The volcanic eruption near Eyjafjallajokull glacier has been making headlines all week. The ash cloud has closed airspace over much of Europe and the longer the volcano erupts the more of a maintenance nightmare it becomes. We hope everyone had the opportunity to read our blogs and check out our website, but just in case you did not have the time to see our blogs and voter links as they were published, we have summarized them for you here. Please enjoy them and be sure to check back for new articles during the week. You can find a complete listing on the Mintek Blog.
The potential inspection and preventive maintenance issues from the volcano has propelled our post Escaping The Volcanic Cloud By Jump Starting Preventive Maintenance into the number one spot this week. The article discusses how the ash cloud can cause damage to virtually any industry. As a result preventive maintenance tasks are at all time high across the path of the cloud. The final blog of the week examines the current trends developing in the EAM/CMMS arena and how vendors are reacting to meet the needs.
Author: Stuart Smith
Natural events such as volcanic eruptions can create havoc for places in the path of ash cloud. But these ash clouds are not ordinary, they are composed of very fine silicon based particulates. For air traffic flying a plane through the debris would be to subject the aircraft to a sandblasting stripping the plane of paint, countless puncture holes and most importantly possible disabling the aircraft in flight. The reason is the silicon based particles will melt in the engine and then resolidify (like pouring wet cement into the engine). As the ash settles along the wind path, anything and everything mechanical or sun dependent will need to be checked from HVAC to automobiles to greenhouses.
Key Point: The dust is coming and this means inspections and preventive maintenance must be at an all time high. The impact of the ash is far more than a simple dust covering.
Author: Stuart Smith
This article looked at the top EAM/CMMS trends examined by PlantServices.com in their recent article 2010 CMMS/EAM Review. Each of the ten trends was reviewed and additional information/analysis was provided. In summary the hottest trends are of course going green, mobile technology and increased visibility. It is important to note that each organization is different and operated in a different environment, therefore no model can fit all needs. EAM planning is a process that requires considerable thought.
Key Point: The driving force behind the trends is the result of increased visibility of maintenance management. The impact that an EAM/CMMS can make to a bottom line can be the difference between company survival and closing operations.
Read Relevant Articles That We Found Last Week
But wait there is more. We have found several more articles that you might find to be interesting on. The 5 best this week are:
Author: Ralph Rio, ARC Advisory Group
Ralph discusses the complexities of utility maintenance management issues in particular some of the things that impact Maintenance Repair and Operations (MRO) such as poor inventory control, vendor management as well as the aging of facilities.

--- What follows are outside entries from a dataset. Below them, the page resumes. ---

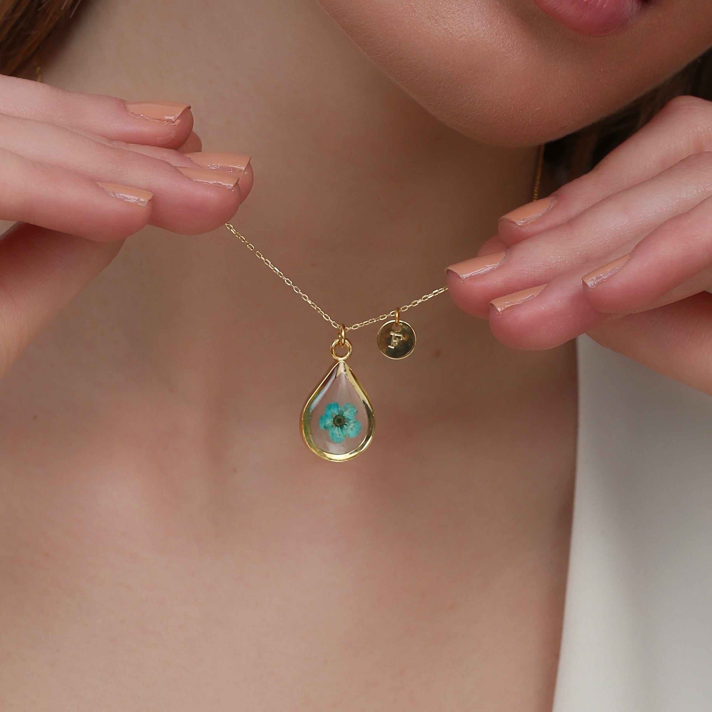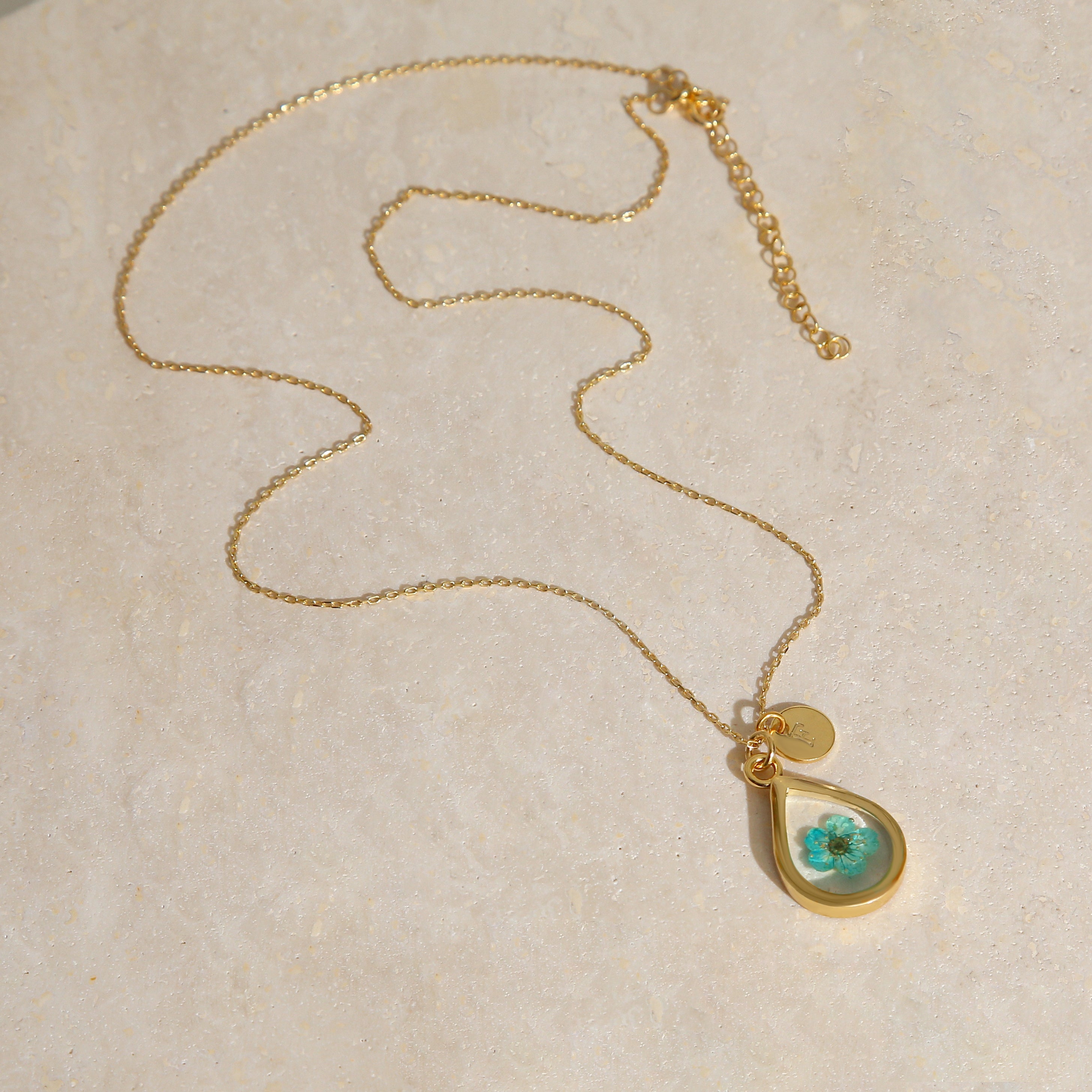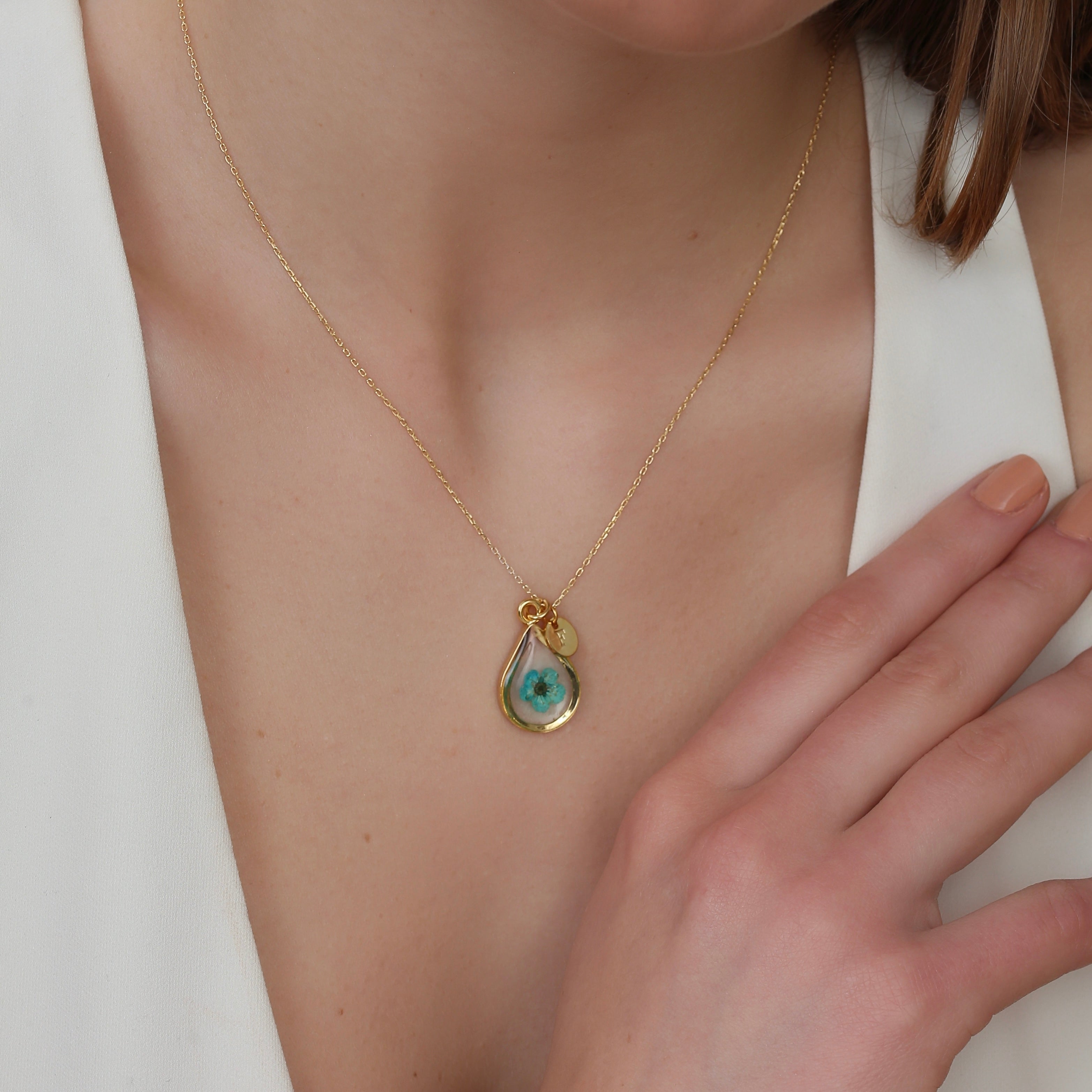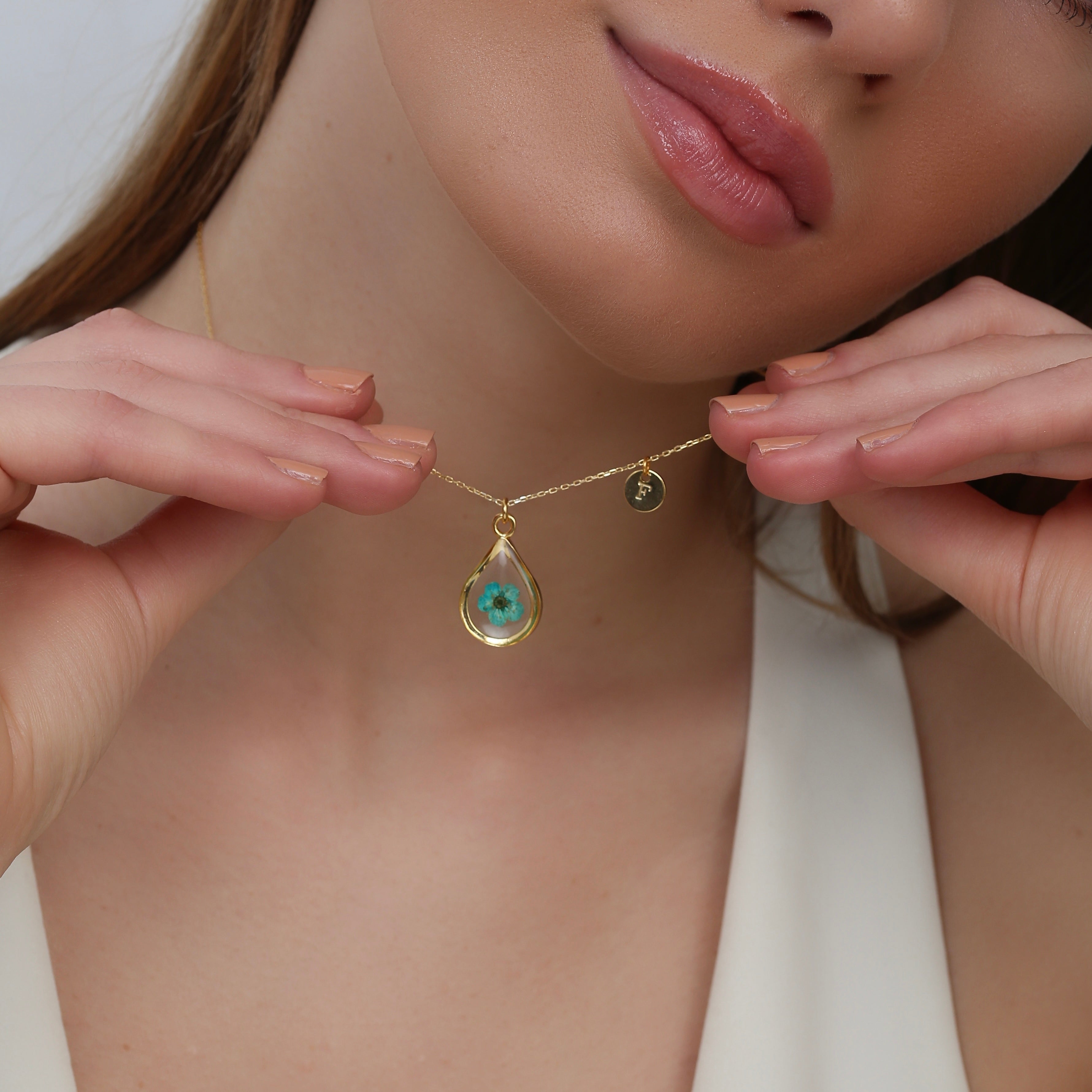 After the flowers have completed the drying process, each one is carefully cut into tiny pieces. Each flower piece is fixed with resin and protected. In this way, the elegant texture of nature is preserved for a long time and becomes immortal in the jewelry. Every detail is meticulously processed and gives life to the jewelry.
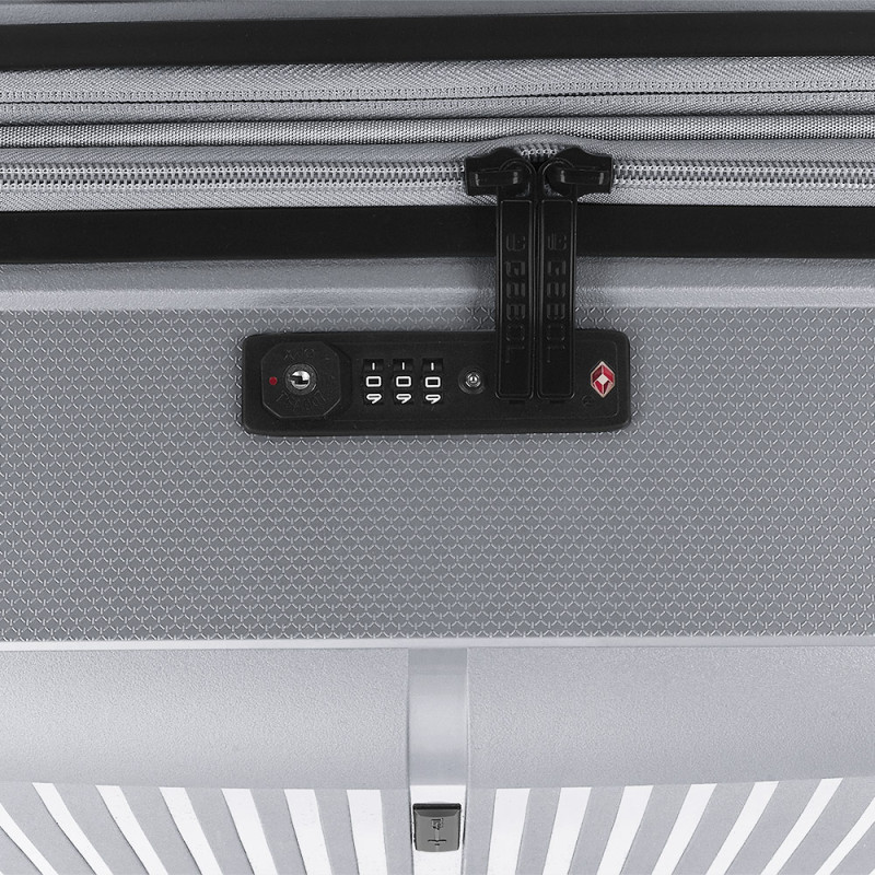 - ASA LATERAL CABINA EXPANDIBLE FORRO: ESTAMPADO GARANTÍA: GARANTÍA 10 AÑOS LIGERO MATERIAL FORRO: MATERIAL RECICLADO RPET MODELO CERRADURA: CB-60A SEGURIDAD: CERRADURA TSA SEPARADOR: DOBLE SISTEMA DE CIERRE: CREMALLERA SEGURIDAD SISTEMA DE RUEDAS: 4 RUEDAS DOBLES
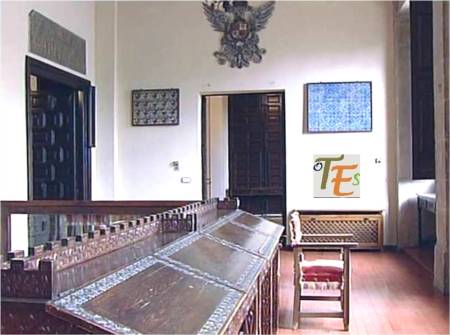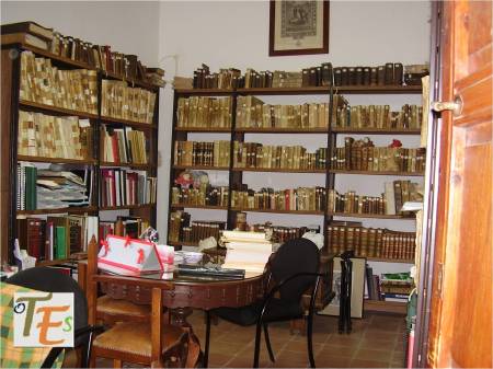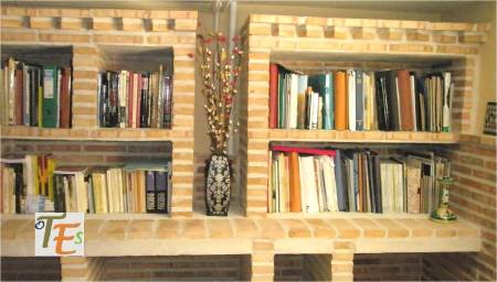 Parte de unas estanterías en estilo mudéjar, las cuales contienen y sustentan una de las bibliotecas particulares de esta ciudad, con libros, escritos e investigaciones, sobre todo lo relacionado con la ciudad de Toledo.
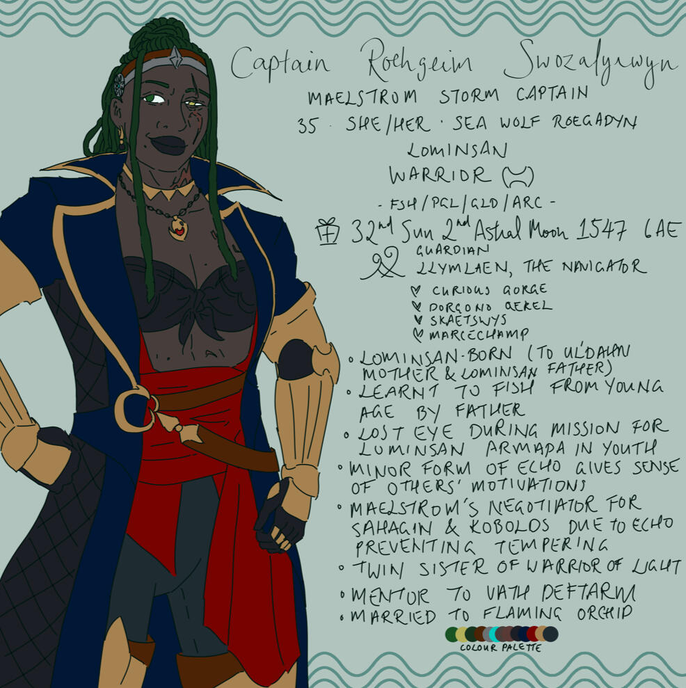 Storm Captain, skilled warrior, master angler, and part-time adventurer - Roehgeim has seen much in her thirty-five years (despite having lost sight in one eye in her youth.) Daughter of a Lominsan sea wolf fisherman and an Ul’dahn hellsguard adventurer, Roehgeim picked up skills from both her parents, joined the Marauder’s guild as soon as she was old enough, and carved a name for herself with her battleaxe. While she has a gift of the echo, Roehgeim is not a member of the Scions of the Seventh Dawn like her twin sister, Niuwyb, or her wife, Flaming Orchid; opting instead to use her ability to work more closely with the Sahagin and Kobolds than one vulnerable to tempering would be able to. She still assists the Scions when needed.
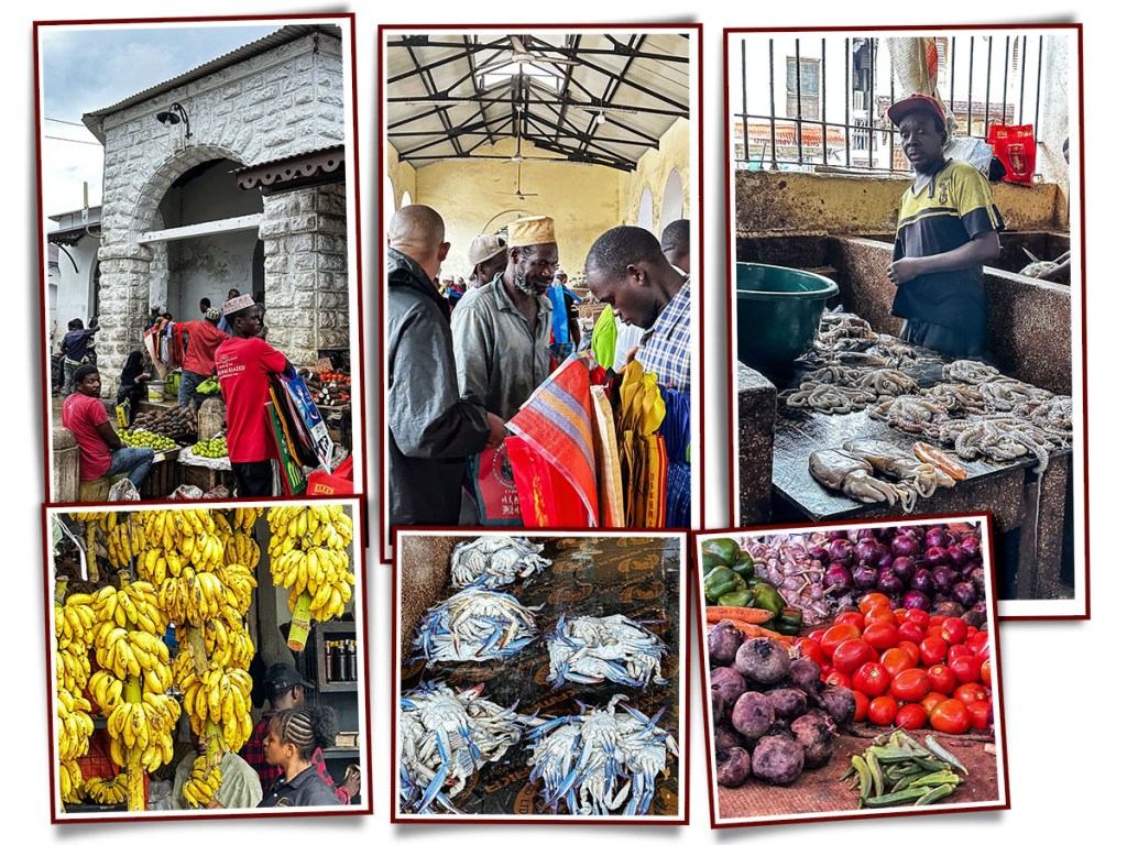 We’ve been to mainland Tanzania on a safari several years ago but Zanzibar was a new experience. We went into town in the evening thus avoiding the extreme heat. We did a quick tour of the city including the local market. The smell of the fish was powerful, making us glad we did not visit the market in the heat of the day. The one thing that all of the markets had in common was great-looking fruits and veggies.
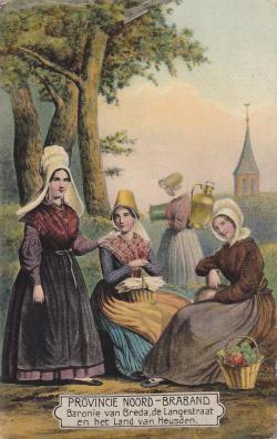 * Noord-Brabant (boerin met poffer en sieraden) (W. de Haan, Utrecht, serie OB 12 dessins. Chromotypie Morks en Geuze, Dordrecht) (kaart in blauw)

Key Point: There is a direct correlation between uptime and profitability. Utility management needs to manage the numbers more effectively.
Author: Gordon Sharp
This article discusses the difference between conventional building ventilation procedures that rely on pulling in outside air based upon expected occupancy levels versus demand control ventilation (DCV). The newer DCV method can increase energy savings by monitoring CO2 levels and then making adjustments.
Key Point: Many current building are being over ventilated resulting in energy inefficiencies which can be avoided using DCV combined with good maintenance practices of monitoring the sensing equipment.
Author: Jeff Shiver
Jeff describes the importance of recording accurate information when performing inspections, preventive maintenance and work orders. Poor data collection can result in stop-gap fixes not being revisited as well as a loss of know-how as aging workers retire.
Key Point: All maintenance should be well documented in order to develop a reliable database of work performed.
Authors: Jeff Shiver
The second article by Jeff to be included this week. This article looks at 11 preventable losses that should have the attention of maintenance or operations managers. Root causes of the losses range from poor maintenance practices to a failure to plan resources correctly. For plants these losses were categorized into 4 areas: planned shutdown, downtime, performance efficiency and quality losses.
Key Point: Review your maintenance practices for planning and procedures. All downtime costs money but the impact can be minimized if managed correctly
Authors: Jayant R Row
Mr. Row explains that the advantages of implementing a CMMS can be negated if the organization does not 1) understand why there is a need (buy-in), 2) if there is inadequate training and 3) poor vendor selection. In addition, a CMMS is only as good as the output it provides.
Key Point: Implementing a CMMS requires the same thought process as implementing any major tool. Buy-in, training, designed use and results are critical to success.
What We Learned This Week
Week after week the growing importance of maintenance management is increasing in visibility. From plants to utilities to agriculture, inspections, preventive maintenance and work order management continue to define the future success of organizations. When implemented properly, knowledge is maintained, profitability is increased but more importantly (this week) there is enhanced flexibility to react to natural occurring events such as the potential impact of the ash clouds from volcanoes.